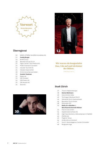 2 BEST OF Inhaltsverzeichnis%u00dcberregional10 NEVES, STIERLE & HORN Immobilien AG12 Freddy Burger14 Binelli Group18 Benedict Schule Z%u00fcrich22 Vigory Center | Sani Medical AG24 M%u00fcller Erlenbach Carreisen24 Heusser Touristik AG26 Helvetic Clean GmbH28 3S-SchreinerService GmbH30 Anatole Taubman32 Rebex AG33 HEV Schweiz34 ORLPraxen AG35 ORLAkustik AG36 Room4UStadt Z%u00fcrich37 Thomi%u2019s Maderotherapie38 Denise Biellmann40 Astra Kitchen & Bar42 Technogym Boutique Z%u00fcrich44 Zahn%u00e4rzte Z%u00fcrich Gartenstrasse46 Bausektor Z%u00fcrich GmbH48 Ristorante LEO50 Radio 24 %u00abUfsteller%u00bb | Nina Roost & Dominik Widmer54 Floor & Care GmbH56 Stapferstube da Rizzo AG58 High Class Dentistry | Zahnarztpraxis im Seefeld60 PINTEX AG62 Flagman Group66 Kindervilla Lummerland67 Zurich | Generalagentur Carsten Schwieder68 B%u00fcrglipark Enge12Wir waren ein kongeniales Duo, Udo auf und ich hinter der B%u00fchne. Freddy Burger, Seite 12VorwortNicole BarandunSeite 730
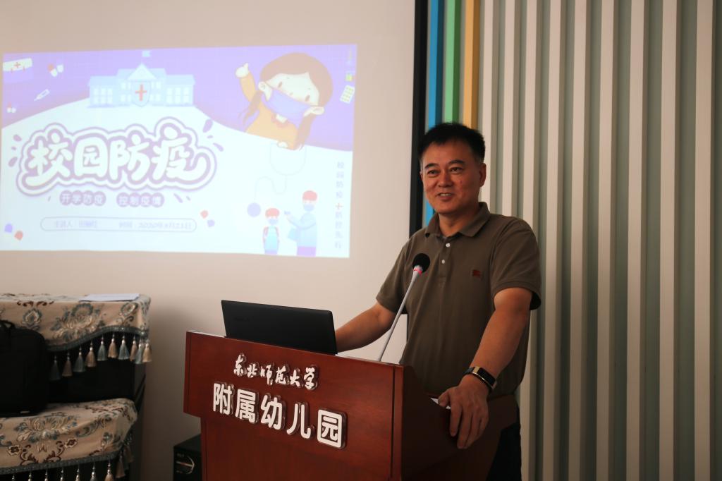 8月17日至21日,按照教育部《幼儿园新型冠状病毒肺炎防控指南》和长春市教育局《关于做好2020秋季学期开学准备工作的通知》要求,幼儿园开展全园教职员工防疫培训,落实防控预案,决不漏掉任何细节。缴润凯园长结合“有爱心、大胸怀、善思考、求卓越”的东师附幼人精神,围绕幼儿园疫情防控工作、新阶段下东师附幼文化建设、幼儿教师的使命担当和教育情怀等内容作了讲座;张泽东书记根据新时代对党员的要求,针对新学期党支部工作做出具体部署。
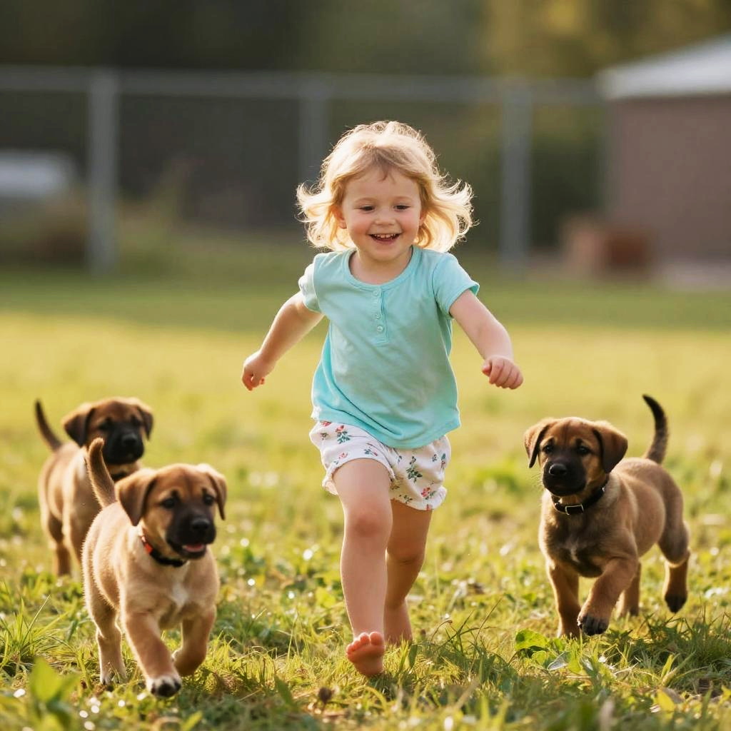 Photograph of a cute blonde-haired, smiling little girl with light skin, wearing a light blue shirt and white floral shorts, running barefoot in a grassy field. She's surrounded by playful, brown, adorable puppies. The background shows a blurred, fenced area, indicating an outdoor setting. The sunlight casts a warm glow on the scene, highlighting the joyful moment.
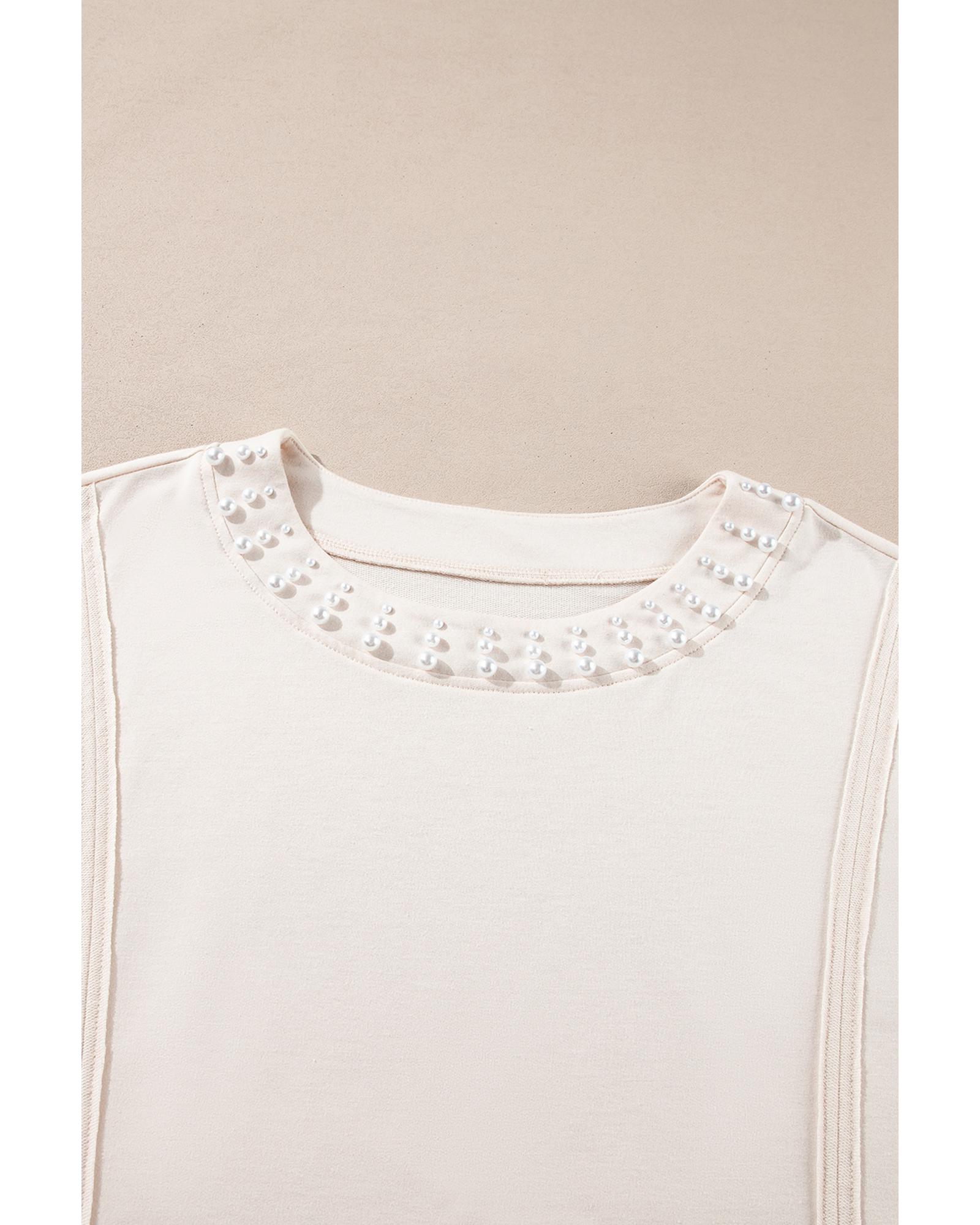 - Package includes: 1 beige pearl decor crew neck T-shirt
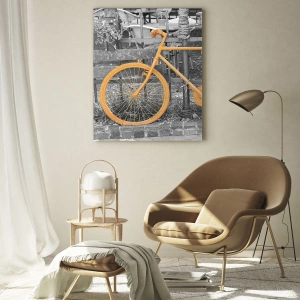Impression sur verre - Image sur verre - Illustration d'un vélo peint en orange sur un fond noir et blanc. - 50x70cm - Allez, je vais attendre ici - Décoration murale moderne pour le salon et la chambre ARTTOR
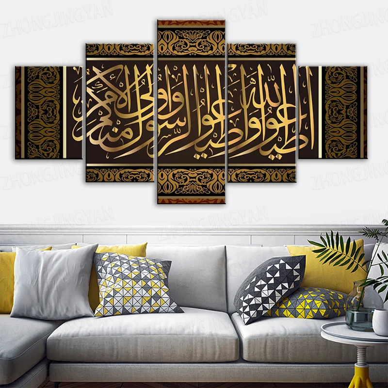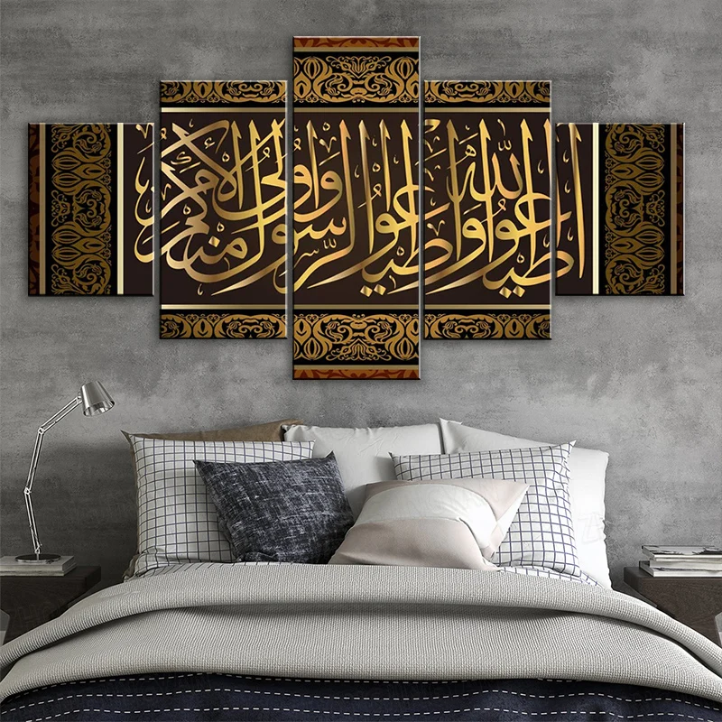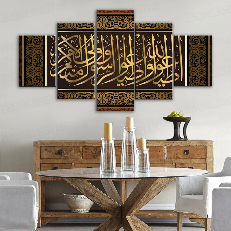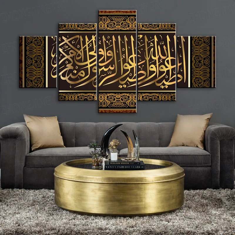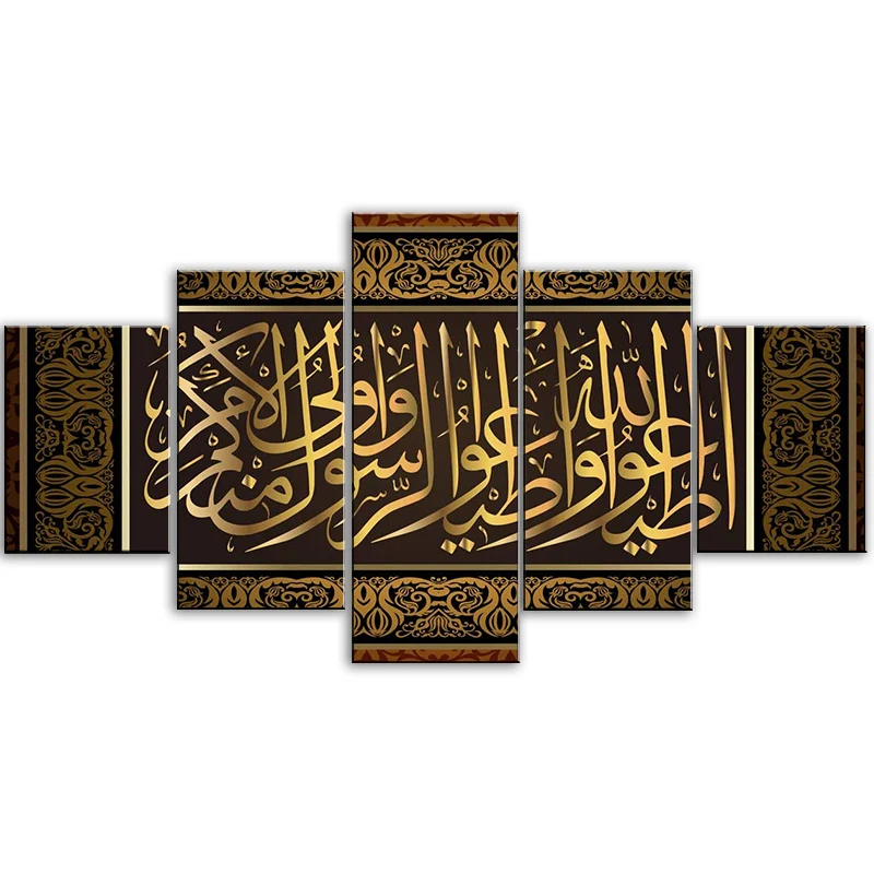 5 панелей для украшения дома, Золотая Настенная картина в стиле ретро, ислам, ИК, Коран, ислам, религиозный Бог ала, 5 художественных работ
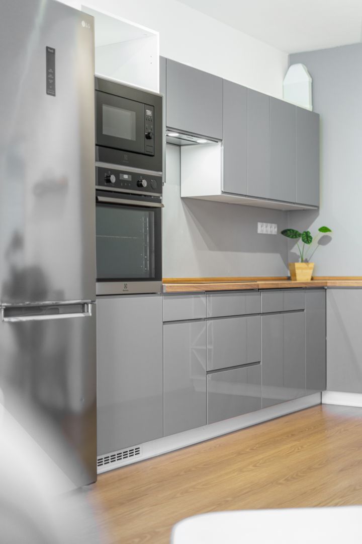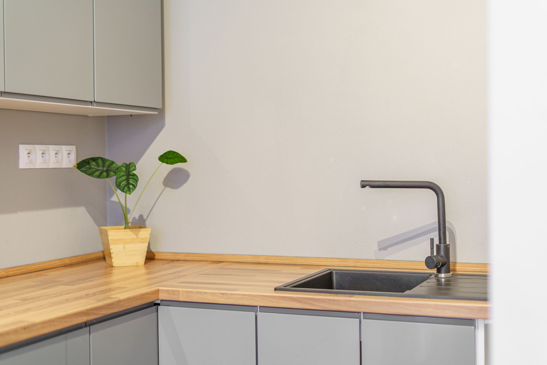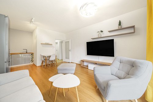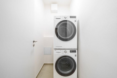 Hlavní obytný prostor nabízí chytré osvětlení, laminátovou plovoucí podlahu a plastová okna s elektricky ovládanými roletami. Moderní kuchyňská linka je vybavena vestavěnými spotřebiči včetně myčky. Součástí prodeje je i lednice.
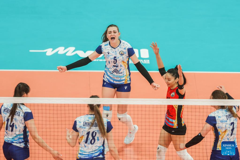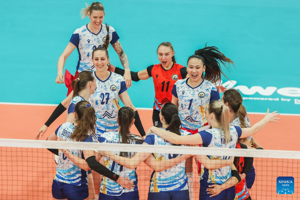 Players of Kazakhstan's Zhetysu VC celebrate during the semifinal match between Kazakhstan's Zhetysu VC and Thailand's Nakhon Ratchasima Qmin C VC at the AVC Women's Volleyball Champions League in Pasig City, the Philippines, April 26, 2025. (Xinhua/Rouelle Umali)
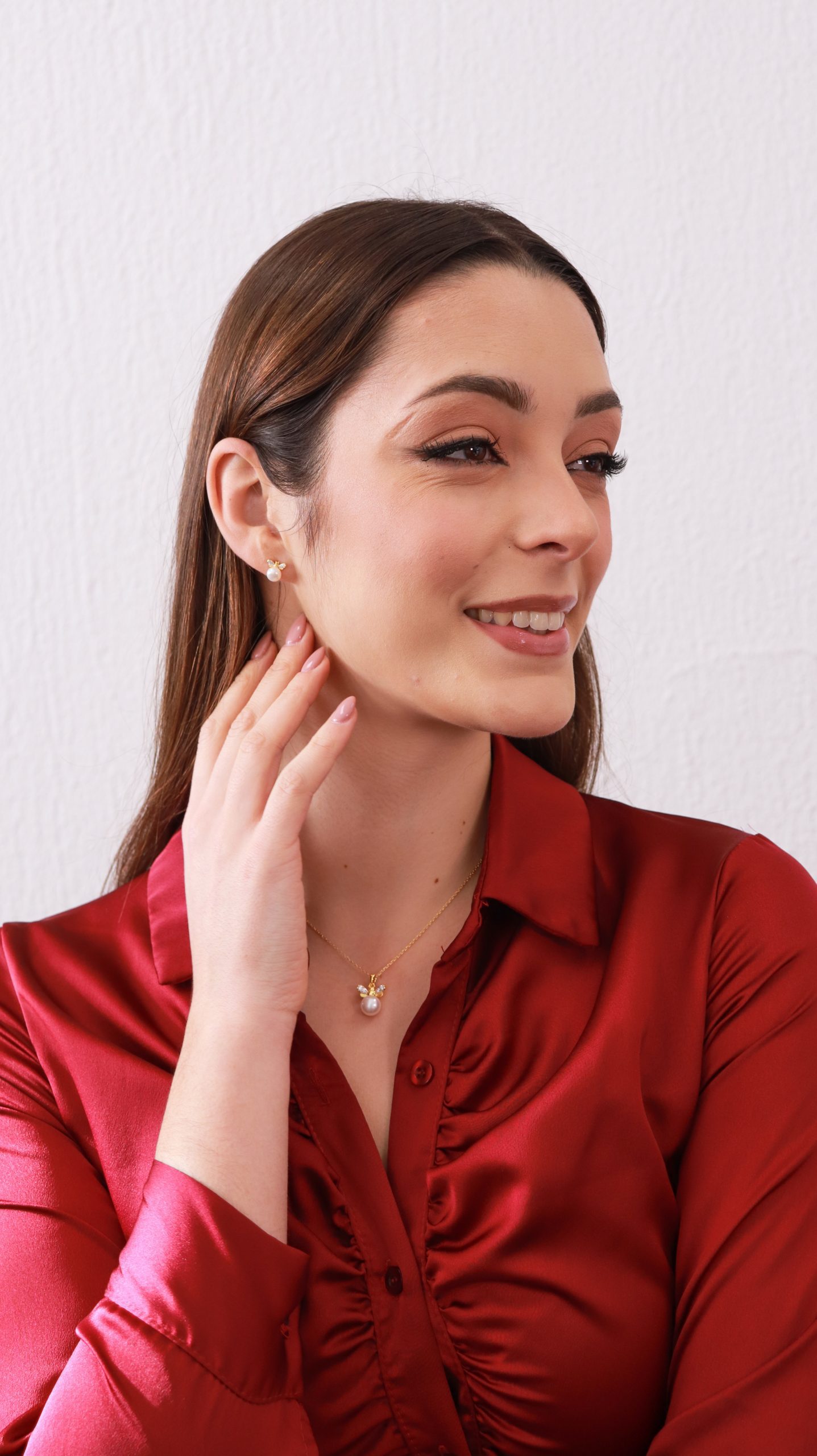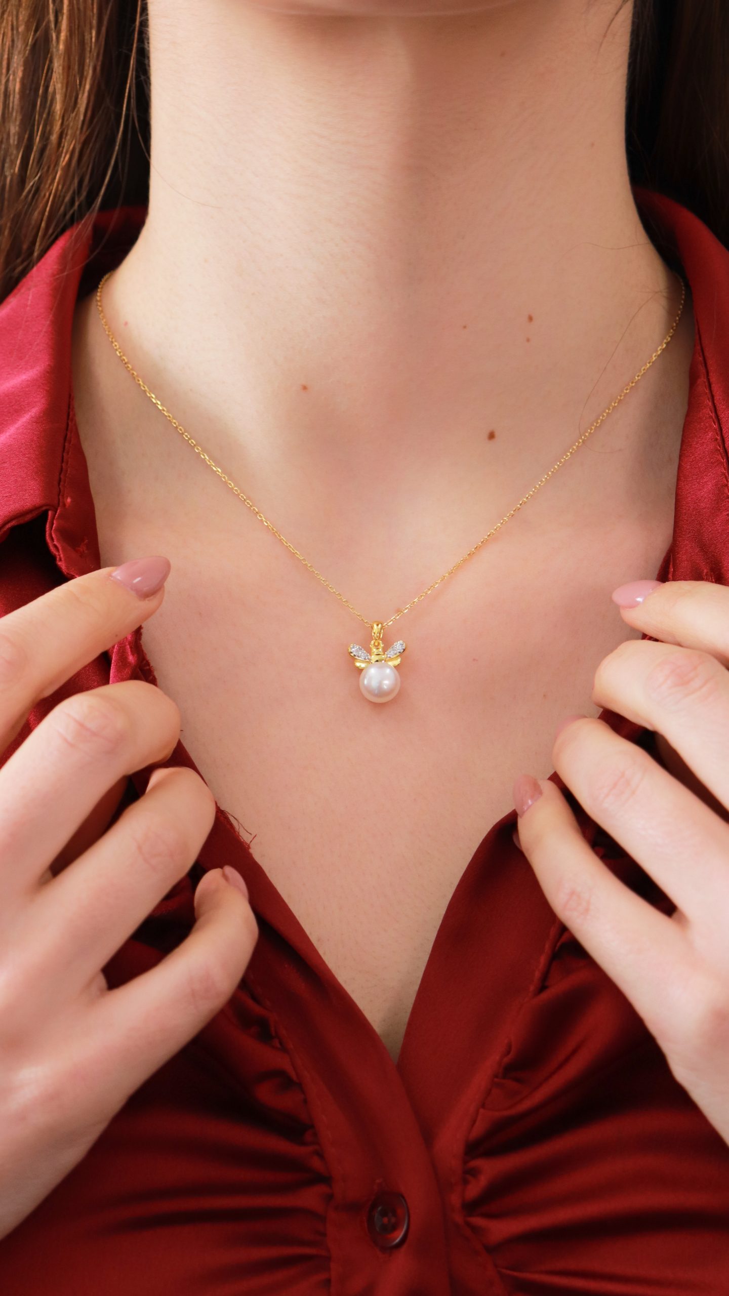 Colar com uma abelha. As asas têm zircónias cravadas e uma pérola na parte inferior da abelha, conferindo um toque extra de brilho e delicadeza.

→ **Prompt**:
Write out the records exactly. Do not carry the pictures over.

→ **Completed exercise**:
 2 BEST OF Inhaltsverzeichnis%u00dcberregional10 NEVES, STIERLE & HORN Immobilien AG12 Freddy Burger14 Binelli Group18 Benedict Schule Z%u00fcrich22 Vigory Center | Sani Medical AG24 M%u00fcller Erlenbach Carreisen24 Heusser Touristik AG26 Helvetic Clean GmbH28 3S-SchreinerService GmbH30 Anatole Taubman32 Rebex AG33 HEV Schweiz34 ORLPraxen AG35 ORLAkustik AG36 Room4UStadt Z%u00fcrich37 Thomi%u2019s Maderotherapie38 Denise Biellmann40 Astra Kitchen & Bar42 Technogym Boutique Z%u00fcrich44 Zahn%u00e4rzte Z%u00fcrich Gartenstrasse46 Bausektor Z%u00fcrich GmbH48 Ristorante LEO50 Radio 24 %u00abUfsteller%u00bb | Nina Roost & Dominik Widmer54 Floor & Care GmbH56 Stapferstube da Rizzo AG58 High Class Dentistry | Zahnarztpraxis im Seefeld60 PINTEX AG62 Flagman Group66 Kindervilla Lummerland67 Zurich | Generalagentur Carsten Schwieder68 B%u00fcrglipark Enge12Wir waren ein kongeniales Duo, Udo auf und ich hinter der B%u00fchne. Freddy Burger, Seite 12VorwortNicole BarandunSeite 730
 8月17日至21日,按照教育部《幼儿园新型冠状病毒肺炎防控指南》和长春市教育局《关于做好2020秋季学期开学准备工作的通知》要求,幼儿园开展全园教职员工防疫培训,落实防控预案,决不漏掉任何细节。缴润凯园长结合“有爱心、大胸怀、善思考、求卓越”的东师附幼人精神,围绕幼儿园疫情防控工作、新阶段下东师附幼文化建设、幼儿教师的使命担当和教育情怀等内容作了讲座;张泽东书记根据新时代对党员的要求,针对新学期党支部工作做出具体部署。
 Photograph of a cute blonde-haired, smiling little girl with light skin, wearing a light blue shirt and white floral shorts, running barefoot in a grassy field. She's surrounded by playful, brown, adorable puppies. The background shows a blurred, fenced area, indicating an outdoor setting. The sunlight casts a warm glow on the scene, highlighting the joyful moment.
 - Package includes: 1 beige pearl decor crew neck T-shirt
Impression sur verre - Image sur verre - Illustration d'un vélo peint en orange sur un fond noir et blanc. - 50x70cm - Allez, je vais attendre ici - Décoration murale moderne pour le salon et la chambre ARTTOR
 5 панелей для украшения дома, Золотая Настенная картина в стиле ретро, ислам, ИК, Коран, ислам, религиозный Бог ала, 5 художественных работ
 Hlavní obytný prostor nabízí chytré osvětlení, laminátovou plovoucí podlahu a plastová okna s elektricky ovládanými roletami. Moderní kuchyňská linka je vybavena vestavěnými spotřebiči včetně myčky. Součástí prodeje je i lednice.
 Players of Kazakhstan's Zhetysu VC celebrate during the semifinal match between Kazakhstan's Zhetysu VC and Thailand's Nakhon Ratchasima Qmin C VC at the AVC Women's Volleyball Champions League in Pasig City, the Philippines, April 26, 2025. (Xinhua/Rouelle Umali)
 Colar com uma abelha. As asas têm zircónias cravadas e uma pérola na parte inferior da abelha, conferindo um toque extra de brilho e delicadeza.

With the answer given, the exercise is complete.